TASK OBJECTIVE >> Once the pictures are set aside, reproduce the remaining data exactly.

DATA SHOWN >>
····················
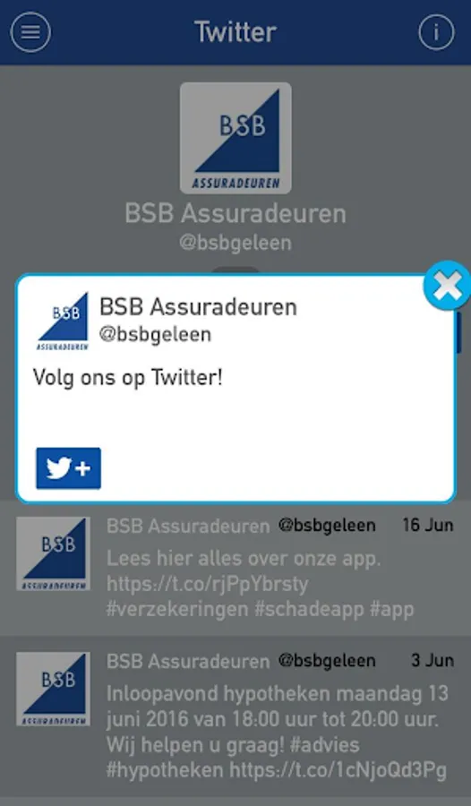 Welcome to the verzekeringsapp BSB Insurance. We are a financial services company specializing in insurance and mortgages. We focus on both the private and business market. With this app we offer an extra service.
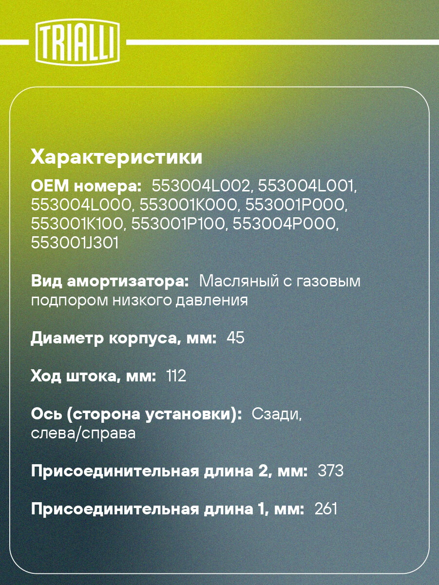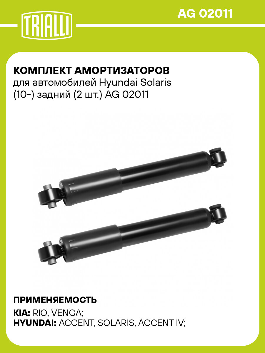 Комплект амортизаторов для автомобилей Hyundai Solaris (10-) задний (2 шт.) AG 02011 TRIALLI: сравнение цен, характеристики, фото, актуальное наличие и цены.
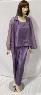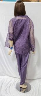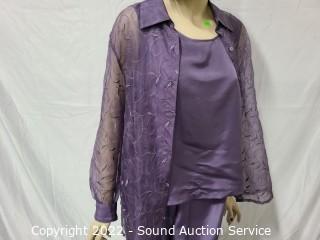 Lot Details: ISC 100% silk 3pc outfit size medium, synthetic fiber wig (refer to photos for brand). Mannequin is 70" tall.
····················
TASK RESPONSE >>
 Welcome to the verzekeringsapp BSB Insurance. We are a financial services company specializing in insurance and mortgages. We focus on both the private and business market. With this app we offer an extra service.
 Комплект амортизаторов для автомобилей Hyundai Solaris (10-) задний (2 шт.) AG 02011 TRIALLI: сравнение цен, характеристики, фото, актуальное наличие и цены.
 Lot Details: ISC 100% silk 3pc outfit size medium, synthetic fiber wig (refer to photos for brand). Mannequin is 70" tall.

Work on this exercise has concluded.